To explore the expression patterns of tea plant MADS-box genes, raw RNA-seq datasets were mined from the NCBI database under the projects PRJEB39502, PRJNA411886, and PRJNA387105 (Table S10). The project PRJEB39502 comprised nineteen tissue samples, including five tissues (root, stem, bud, leaf, and flower) in four seasons (flowers during summer excluded).
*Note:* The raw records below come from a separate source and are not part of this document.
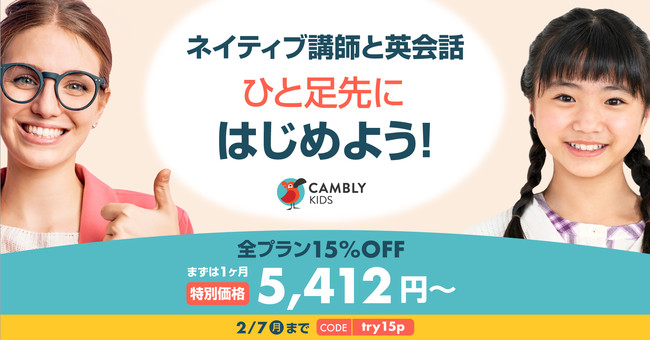 Cambly Inc.(本社:アメリカ・サンフランシスコ、日本代表:佐藤 亜希子)が提供する子ども向けオンライン英会話サービス「Cambly Kids(キャンブリー キッズ)」は、2月3日(木)から2月7日(月)までの5日間、Cambly Kidsを全プラン15~36%OFFでご利用いただける特別セールを開催いたします。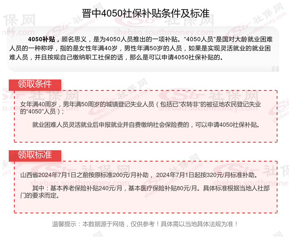 2024晋中灵活就业4050社保补贴是一项面向特定年龄段的就业困难人群的社会保险补贴。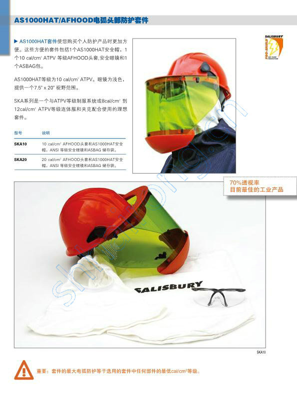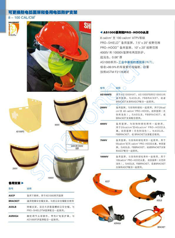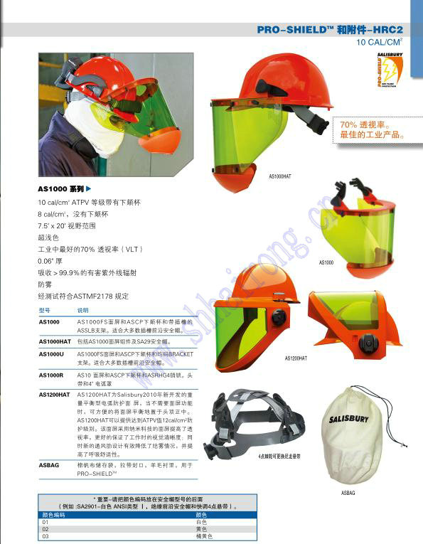 PRO-SHIELDTM和附件-HRC2 10 CAL/CM2 透视率。 的工业产品。AS1000 系列 AS1000HAT 10 cal/cm ATPV 等级带有下颏杯2 8 cal/cm,没有下颏杯2 7.5" x 20" 视野范围 C浅色 工业中良好的 透视率(VLT) 0.06" 厚 吸收>辐射 防雾 型号 说明 AS1000 AS1000FS面屏和ASCP下颏杯和带插槽的 AS1000 ASSLB支架。适合大多数插槽前沿安全帽。 AS1000U AS1000FS面屏和ASCP下颏杯和均码BRACKET 支架。适合大多数插槽前沿安全帽。 AS1000R AS10 面屏和ASCP下颏杯和ASRHG4销锁。头 带和4" 电弧罩 ASBAG 棉帆布储存袋,拉带封口,羊毛衬里,用于 PRO-SHIELDTM 4点棘轮可更换尼龙悬带 * 重要-请把颜色编码放在安全帽型号的后面 (例如 :SA2901-白色 ANSI类型 Ⅰ,绝缘前沿安全帽和快调4点悬带)。 颜色编码 颜色 ASBAG 01 白色 02 黄色 03 橘黄色 57可更换防电弧面屏和备用电弧防护支架 8 - 100 CAL/CM2 AS1000系列和PRO-HOOD头罩 8 cal/cm 至 100 cal/cm ATPV等级2 2 PRO-SHIELDTM备用面屏,7.5" x 20" 视野范围 PRO-HOODTM备用面屏,10" x 20" 视野范围 4000V 和 10000V面屏有两层防护, C浅色,0.06" 厚 AS1000系列-工业中 的透视率(VLT)。 吸收>辐射,防雾 型号 说明 AS1000FS 用于AS1000HAT,AS1000FB和S1000U的 备用面屏。与ASSLB,FBBRACKET,或者 BRACKET支架和ASCP配合一起使用。 2000V 备用面屏,与挂钩和锁柱一起使用,用于20cal/ cm至 40 cal/cm PRO-HOOD。双层面屏(无2 2 色和浅色)。与ASSLB,FBBRACKET,或 BRACKET支架配合使用。 4000V 4000V 备用面屏,与挂钩和锁柱附件一起使用, 用于20cal/cm至40cal/cm PRO-HOOD头2 2 AS1000FS 罩。双层面屏(无色和浅色)。与ASSLB, FBBRACKET,或 BRACKET支架配合使用。 7500V 备用面屏,与挂钩和锁柱附件一起使用,用于 55cal/cm至75 cal/cm PRO-HOOD头罩。单层面2 2 4000V和10000V 屏。与ASSLB,FBBRACKET,或者BRACKET支架 双屏 和ASCP配合一起使用。 10000V 备用面屏,与挂钩和锁柱附件一起使用,用于 100cal/cm PRO-HOOD头罩。 双层面屏(无色和2 浅色)。与ASSLB,FBBRACKET,或者BRACKET2000V 支架和ASCP配合一起使用。 10000V 备用支架 ASCP 型号 说明 ASCP 备用下颏杯,用于AS1000系列面屏 BRACKET 通用绝缘安全帽支架,与前沿安全帽配合使用 ASSLBASSLB 绝缘支架,适合大多数插槽前沿安全帽。与 PRO-SHIELDTM面屏配合一起使用。 ASRHG4 棘轮调节头部套件,带有4"电弧护罩。与 AS1000FSR面屏配合一起使用。 ASRHG4 BRACKET58 电弧防护产品 电弧防护头套和安全眼镜 10 - 20 CAL/CM2 Salisbury电弧防护头套(巴拉克拉法帽),与 PRO-SHIELD 配合使用时会带来360度头部和颈 部电弧变化防护。每个电弧防护头套都由两层竖织 纹路材料制成,有一个弹性面部开口来保持形状和 大小。 AFHOOD10 为10cal/cm ATPV等级并由20%2 Nomex?和80% Lenzing FR?材料制成。AFHOOD15 为15 cal/cm ATPV等级并由 Nomex?材料制2 成。AFHOOD20为20 cal/cm ATPV等级并由40%2 P84?,55%Lenzing FR?和5%Kevlar? 材料制成。 注意:电弧防护头罩必须与AS1000HAT 一同佩戴 以提供适当防护。 型号 说明 AFHOOD10 10 cal/cm防护,2 20% Nomex? / 80% Lenzing FR? 20 cal/cm 防护,2 AFHOOD20 40% P84? / 55% Lenzing FR? / 5% Kevlar? AFHOOD20 AFHOOD10 59AS1000HAT/AFHOOD电弧头部防护套件 AS1000HAT套件使您购买个人防护产品时更加方 便。这些方便的套件包括1个AS1000HAT安全帽,1 个10 cal/cm ATPV 等级AFHOOD头套,安全眼镜和12 个ASBAG包。 AS1000HAT等级为10 cal/cm ATPV。眼镜为浅色,2 提供一个7.5" x 20" 视野范围。 SKA系列是一个与ATPV等级制服系统或8cal/cm 到2 12cal/cm ATPV等级连体服和夹克配合使用的理想2 套件。 型号 说明 SKA10 10 cal/cm AFHOOD头套和AS1000HAT安全2 帽,ANSI 等级安全眼镜和ASBAG 储存袋。 SKA20 20 cal/cm AFHOOD头套和AS1000HAT安全2 帽,ANSI 等级安全眼镜和ASBAG 储存袋。 70%透视率 目前 的工业产品 SKA10 重要:套件的Z大电弧防护等于选用的套件中不同部件的Z低cal/cm等级。

The project PRJNA411886 comprised six treatments: FL0 h (control, 0 h), FL24 h (cold treatment, 24 h), and FL48h (cold treatment, 48 h) at the fish leaf phase; TAB0h (control, 0 h), TAB24h (cold treatment, 24 h), and TAB48 h (cold treatment, 48 h) at the two leaves and one bud phase. The temperature of the cold spell was set at 4 °C during the day and 2 °C at night. The project PRJNA387105 consisted of five treatments: CK (25~20 °C, control); CA1_6h (cold acclimated under 10 °C, 6 h); CA2_7d (cold acclimated under 10~4 °C, 7 days); CA2_7d (cold acclimated under 4~0 °C, 7 days); DA_7d (25~20 °C, 7 days). Detailed descriptions of these transcriptome datasets were published by Wang et al. [6], Hao et al. [87], and Li et al. [88], respectively. In addition, flower expression in the four whorls of the three developmental stages (the green bud stage, deglazing stage, and heyday stage) was based on unpublished transcriptome data from our laboratory (Table S10). The transcripts per million (TPM) values of tea plant MADS-box genes were calculated using a self-built script according to the HISAT2 and Stringtie pipeline [89]. The heatmaps were visualized via Morpheus (https://software.broadinstitute.org/morpheus) based on the transformed data of the log2 (TPM+1) values.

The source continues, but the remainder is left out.